If the scribes of Piers Plowman on occasion function as authors, they are more commonly found in the role of compiler. Two B-compilations demonstrate how often the activities of authors and scribes overlap. The first is the early and quite elegant Corpus Christi College, Oxford, manuscript, one of a pair that forms an alternate textual tradition to the majority of B-manuscripts.

The Corpus manuscript contains many examples of local scribal rewriting, including numerous unique readings that so impressed the Athlone editors that they adopted them as authorial (Lambdin and Lambdin 92).

As well as being authors, copyists, and com pliers, the medieval scribes of the Piers Plowman manuscripts were also and perhaps most significantly, commentators. They supplied their texts with editorial annotations, further complicating any absolute distinction between them and the poet.

More common are the rubrics that introduce, conclude, and number or even describe individual passus of the poem. In addition to these rubrics and extra initials, three other kinds of annotations are found in the manuscripts of Piers Plowman (Benson 72). These include marginal notes, words emphasized in the text, and paragraphing.

None of these annotations appears to be the work of the author, nor do they develop into a standard school for Piers: the program for each manuscript is unique. None, not even the marginal notes, display much learning or intellectual analysis, and they are frequently hard to interpret.

Nevertheless, the Piers annotations are almost never merely random or automatic, but once again reveal early readers responding alertly to the poem as a living text (Lambdin and Lambdin 69).

The main role of the medievalist is to identify missing stories. Lost manuscripts, anterior sources, and earlier textual versions shape our conception of the medieval era. Medieval literature always bear witness to another text most often figured materially as the textual ancestor from which it has been copied. The technology of printing did not alter the literary universe immediately or completely. Manuscript conventions often governed textual presentation in the early years of print (Cels 83).

Manuscript culture proves much more variable and far less stable than that of print. To mark a distinction between manuscript and print cultures, it is not necessary to deny the complexities witnessed with the advent of the printing press.

The fact of multiple reprinting, corrections within a print run, and the dispersal of compositors’ duties, for instance, makes for wild instabilities within the print culture of various historical periods. However, the signal difference remains that print culture is capable of an, and indeed idealizes, the dissemination of multiple and nearly identical copies of particular works (Scala 62).

Conclusion

In conclusion, it has been established that Medieval Literature was very challenging to disseminate. This phenomenon was largely attributed to the illiteracy of the people and unwillingness of the elite to share knowledge outside the educated few.

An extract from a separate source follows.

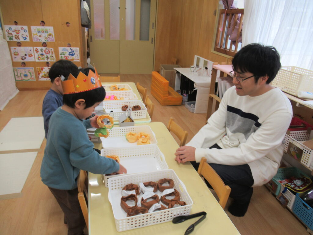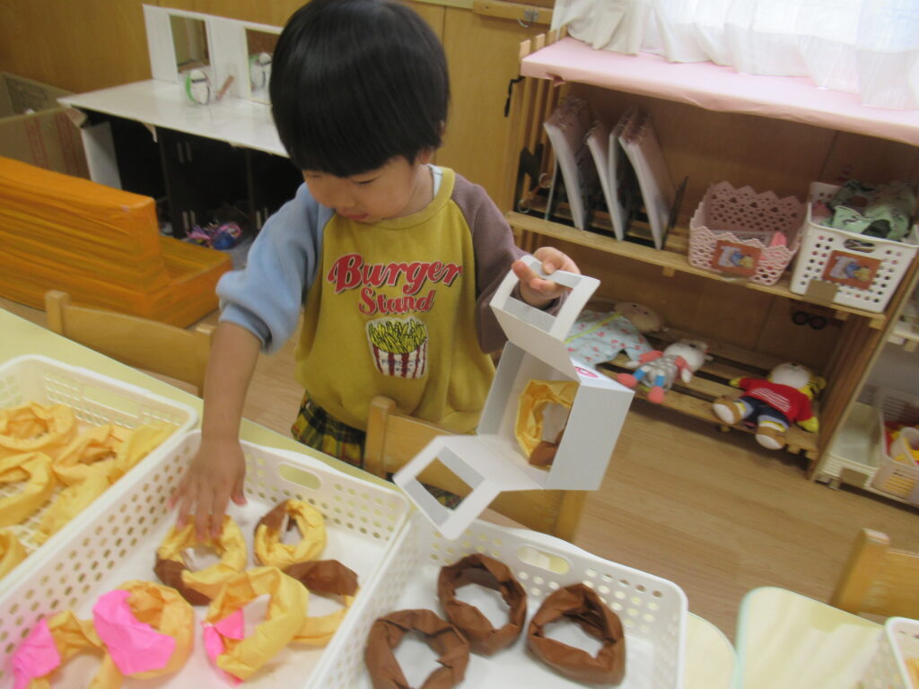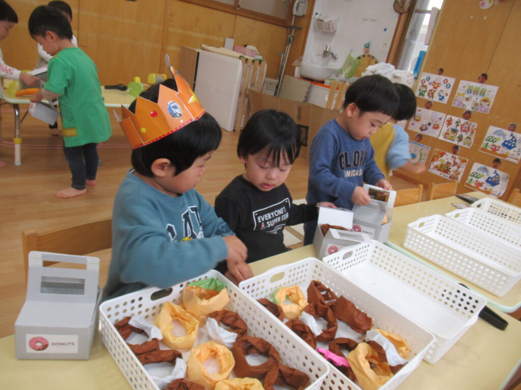 たんぽぽ組さんは、ドーナツ屋さんが開店しました。みんなおいしそうで、どれにしようか迷っちゃう!

Concerning Piers Plowman, this paper finds that there are three versions of the work in the ABC sequence with the latter containing the MS Douce 194. This multiplicity of a single work made dissemination of literature works difficult, but the invention of the printing press eased the dissemination of multiple and nearly identical copies of particular works.

Works Cited

Benson, David. Public Piers Plowman: Modern Scholarship and Late Medieval English Culture. Pennyslavania: Penn State Press, 2004. Print.

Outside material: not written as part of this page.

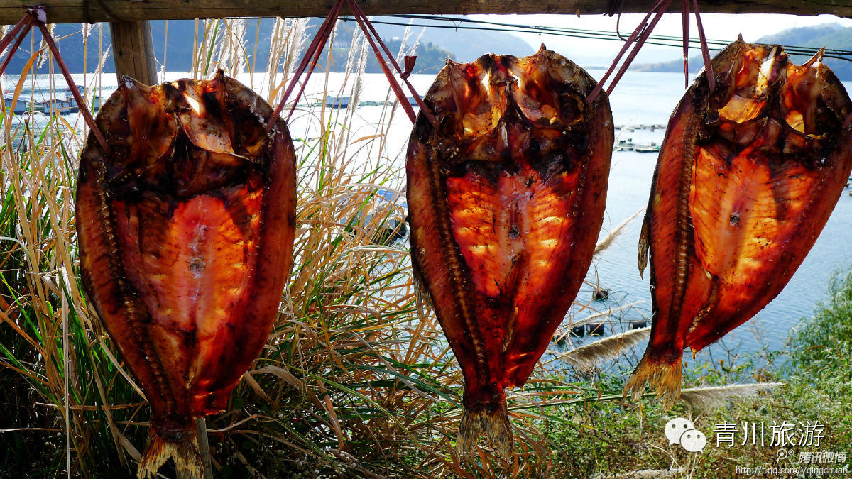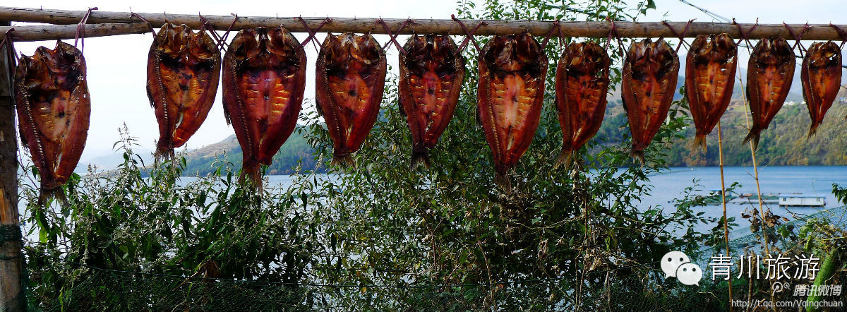 被誉为"西南第一湖"的白龙湖,水域面积广阔,水产资源丰富。生长在白龙湖的野生鱼类肥美,现在正是做鱼干的好时节,按照鱼类大小分别采用背剖、腹剖和腹边剖三种形式。背剖,一般用于鱼大肉厚的。剖割时从鱼背鳍下第二鳞片进刀,刀至鱼头骨时,微斜在头骨正中切开。除去内脏及牙墩,把脊骨的血污及腹内黑衣粘膜,用刀片轻轻刮去。若鱼身较大,应在脊背骨下及另一边的肉厚处,分别开吞刀、夹刀及片刀,使盐水易于渗透。鱼小肉薄的,可采用腹剖。即在鱼腹正中进刀,两片对称剖开。渔民们用各类调料做成的香辣鱼干挂成一排排自然风干,看着就要流口水了。

Cels, Marc. Arts and Literature in the Middle Ages. New York: Crabtree Publsihing Company, 2004. Print.

Curtius, Ernst Robert. European Literature and the Latin Middle Ages. Princeton: Princeton University Press, 1991. Print.

Galloway, Andrew. Medieval Literature and Culture. New York: Continuum International Publishing Group, 2006. Print.

Lambdin, Laura. A Companion to Old and Middle Englsih Literature. London: Greenwood Publishing Group, 2002. Print.

Lambdin, Robert and Laura Lambdin. Encyclopedia of Medieval Literature. New York: Greenwood Publishing Group, 2000. Print.

Scala, Elizabeth. Absent Narratives, Manuscript Textuality, and Literary Structure in Late Medieval England. London: Palgrave Macmillan, 2002. Print.

Thomas, William. Medieval Literature: A History and a Guide. New York: Collier Books, 1996. Print.